*Activity*
Drop every picture. Then return, exactly, the lines from the beginning of the listing below through the one containing "Kusan Hilir (MAN".

*Supplied information*
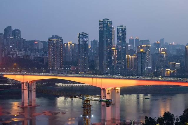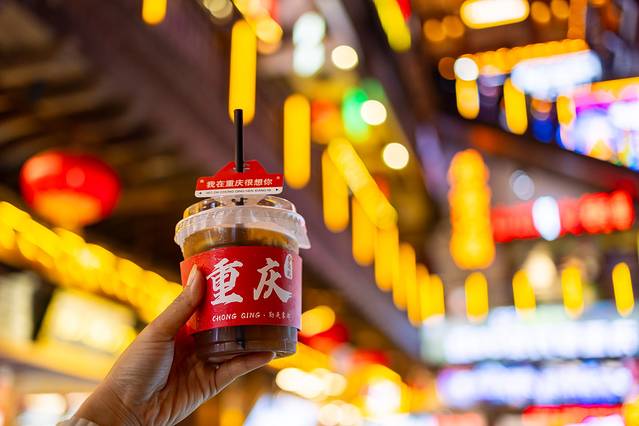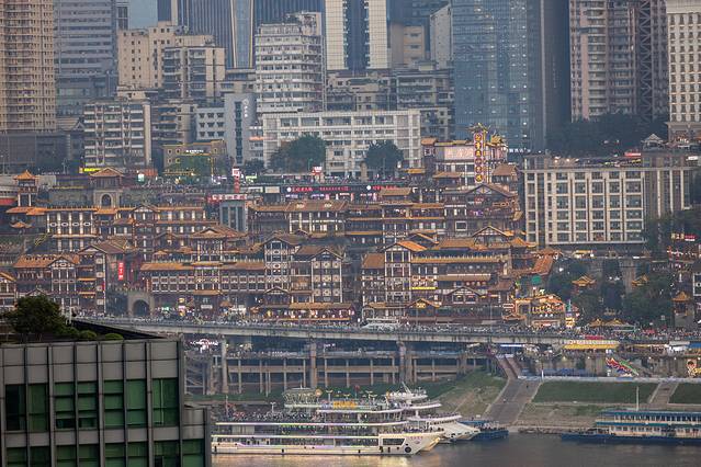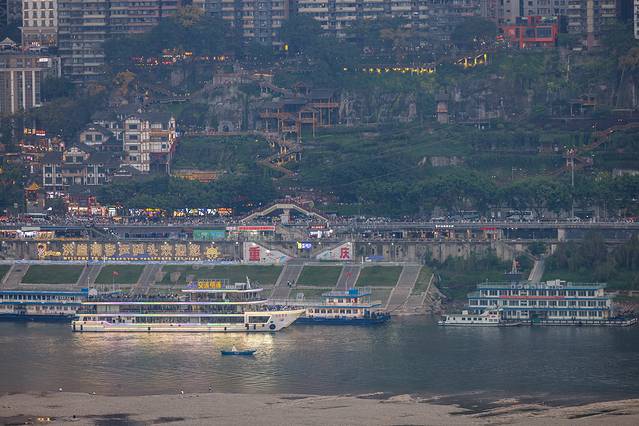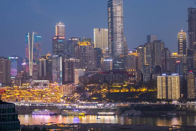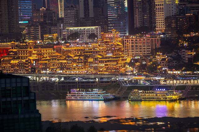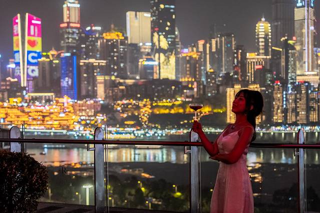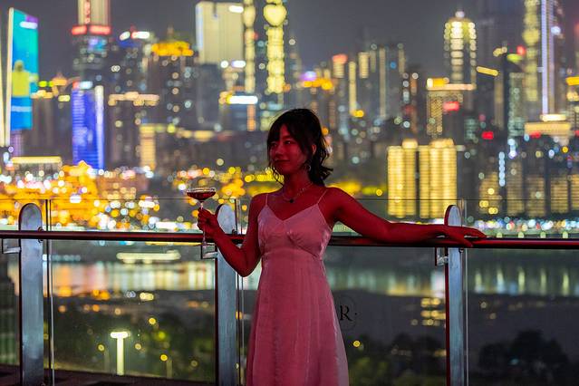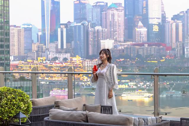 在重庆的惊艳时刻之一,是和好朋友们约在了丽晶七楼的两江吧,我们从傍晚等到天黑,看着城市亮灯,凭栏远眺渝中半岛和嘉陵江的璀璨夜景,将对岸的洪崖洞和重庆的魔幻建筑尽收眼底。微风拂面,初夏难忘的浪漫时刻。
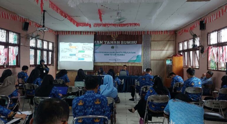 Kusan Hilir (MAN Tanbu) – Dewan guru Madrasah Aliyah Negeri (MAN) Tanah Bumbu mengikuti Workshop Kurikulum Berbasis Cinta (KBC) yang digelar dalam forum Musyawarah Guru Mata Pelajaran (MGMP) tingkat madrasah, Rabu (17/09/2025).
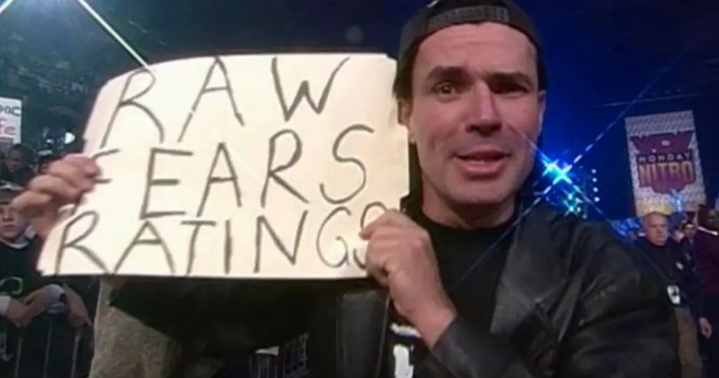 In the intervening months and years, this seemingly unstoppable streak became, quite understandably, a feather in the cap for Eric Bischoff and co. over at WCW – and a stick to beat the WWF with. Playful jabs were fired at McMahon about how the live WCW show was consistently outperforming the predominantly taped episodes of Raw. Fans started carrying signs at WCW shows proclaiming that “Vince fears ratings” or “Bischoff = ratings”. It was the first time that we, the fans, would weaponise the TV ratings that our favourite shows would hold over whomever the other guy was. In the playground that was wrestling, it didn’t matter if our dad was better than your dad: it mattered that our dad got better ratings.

*Your solution*
 在重庆的惊艳时刻之一,是和好朋友们约在了丽晶七楼的两江吧,我们从傍晚等到天黑,看着城市亮灯,凭栏远眺渝中半岛和嘉陵江的璀璨夜景,将对岸的洪崖洞和重庆的魔幻建筑尽收眼底。微风拂面,初夏难忘的浪漫时刻。
 Kusan Hilir (MAN Tanbu) – Dewan guru Madrasah Aliyah Negeri (MAN) Tanah Bumbu mengikuti Workshop Kurikulum Berbasis Cinta (KBC) yang digelar dalam forum Musyawarah Guru Mata Pelajaran (MGMP) tingkat madrasah, Rabu (17/09/2025).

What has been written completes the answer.